Bruno Faria Lopes 07 de dezembro de 2024 às 10:24

Figura decisiva e também divisiva, Soares esteve em praticamente todos os momentos-chave da vida política portuguesa, antes e sobretudo depois do 25 de Abril. Há muita luz, mas também alguma sombra no seu enorme legado.

Mário Soares tem o seu legado associado sobretudo à democracia em Portugal, mas quando o 25 de Abril aparece na sua biografia, feita por Joaquim Vieira, já lá vão mais de 400 páginas - antes já Soares fora comunista e depois dissidente do PCP, já fundara o embrião do PS e o próprio PS, já fora advogado, já estivera preso várias vezes, já fora desterrado e exilado. Depois da revolução, Soares foi o político mais importante na transição e consolidação da democracia portuguesa - atrás das 11 eleições em que foi candidato (ganhou duas legislativas, duas presidenciais e umas europeias) está o seu legado, muitas vezes esquecido ou mal interpretado, agora em foco por ocasião do centenário do seu nascimento.
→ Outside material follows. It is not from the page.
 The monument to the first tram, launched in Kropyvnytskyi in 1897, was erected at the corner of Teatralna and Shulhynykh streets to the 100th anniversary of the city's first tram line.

As onze histórias abaixo - breves apontamentos sobre mais de 70 anos de vida política - ilustram o impacto que o político socialista teve em vários momentos chave ou em aspetos da cultura do regime democrático.

DR/Arquivo Medialivre

O "ballet Rose" e o desterro

Mário Soares já fora detido várias vezes pela PIDE, a polícia política do Estado Novo, antes de ser desterrado pelo regime para São Tomé e Príncipe: a primeira vez foi em 1946 com 21 anos; mas o período maior de cadeia foram os seis meses que passou no Aljube e em Caxias em 1961, por causa do Programa para a Democratização da República, no qual trabalhara. Ficou sem o passaporte mais do que uma vez, negaram-lhe a carta de condução durante dois anos, não o deixaram ter o diploma de professor do ensino particular - na cadeia passou pelo isolamento (mais de um mês em 1962) e à tortura do sono, contou mais tarde.
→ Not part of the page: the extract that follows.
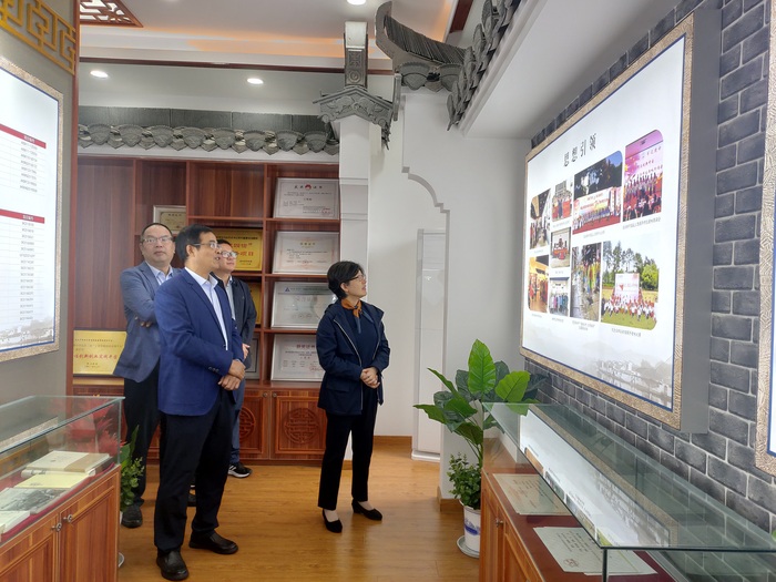 章文静一行还实地察看了文学院办学成果展示馆。

A vigilância da PIDE era constante, até mesmo dentro do Colégio Moderno - ainda hoje pertencente à família Soares - onde havia um espião que acabou por ser despedido, lê-se na biografia escrita por Joaquim Vieira. Pela sua ação interna (política na Ação Socialista Portuguesa e como advogado da família do assassinado Humberto Delgado) e externa (nos contactos que cedo começou a fazer), Soares assumiu-se como um opositor de relevo ao regime. E foi nesse papel que recebeu um jornalista do Daily Telegraph que tinha perguntas sobre uma rede de exploração sexual de raparigas menores, na qual estavam envolvidas figuras do regime. 
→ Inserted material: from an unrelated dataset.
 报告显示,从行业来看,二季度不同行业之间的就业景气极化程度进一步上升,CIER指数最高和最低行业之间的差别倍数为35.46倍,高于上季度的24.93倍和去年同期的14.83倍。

O caso conhecido como "Ballet Rose" explodiu nos media lá fora, com o subtexto de que o escândalo fora abafado por intervenção direta de Salazar. Soares - que conhecia bem o caso, mas que negaria sempre ter sido ele a dar a informação ao repórter - foi detido de imediato e passou três meses preso em Caxias. Pouco depois de ser libertado, o subdiretor da PIDE informá-lo-ia da decisão do Conselho de Ministros de o deportar por tempo indeterminado, e sem julgamento nem acusação, para São Tomé e Príncipe, na altura uma colónia portuguesa. "O doutor Salazar está farto que ande a brincar com ele", ter-lhe-á dito José Sachetti, dirigente da PIDE.

Embarcou com a roupa que tinha vestida e uma mala feita por Maria Barroso - a mulher de Soares foi com os filhos e amigos para a despedida ao aeroporto, um grupo sobre o qual a PIDE carregou com violência. Só Barroso, conta a filha Isabel Soares a Joaquim Vieira, não apanhou. Esteve oito meses em São Tomé.

O exílio em Paris

Ainda em 1969, Mário Soares receberia um ultimato da PIDE: tinha quatro horas para sair do país, caso contrário seria desterrado para um local mais longínquo do que São Tomé. A passagem de Salazar para Marcelo Caetano não mudou a aversão do regime a um oposicionista com acesso aos media estrangeiros e que era um problema interno. Soares saiu para França de carro e, quando chegou à fronteira em Elvas, já tinham passado as quatro horas do prazo - a PIDE, contudo, deixou-o passar, assim como o filho João Soares (em idade de recrutamento militar). 

"Foi uma das viagens mais tormentosas da minha vida. Guiaram todos [no carro também iam Maria Barroso e Isabel Soares] e nunca parámos. Eu pensava: 'Que vai ser da minha vida?'". Em Paris, além de desenvolver a rede de contactos com outros oposicionistas ao regime e de expandir o que já tinha com políticos estrangeiros, terminou o livro Portugal Amordaçado, editado por Alain Oulmain, o luso-francês que compôs alguns dos maiores sucessos da fadista Amália Rodrigues. Soares só regressaria cinco anos depois, logo após o golpe militar de 25 de Abril de 1974 - nessa altura já liderara a fundação do PS.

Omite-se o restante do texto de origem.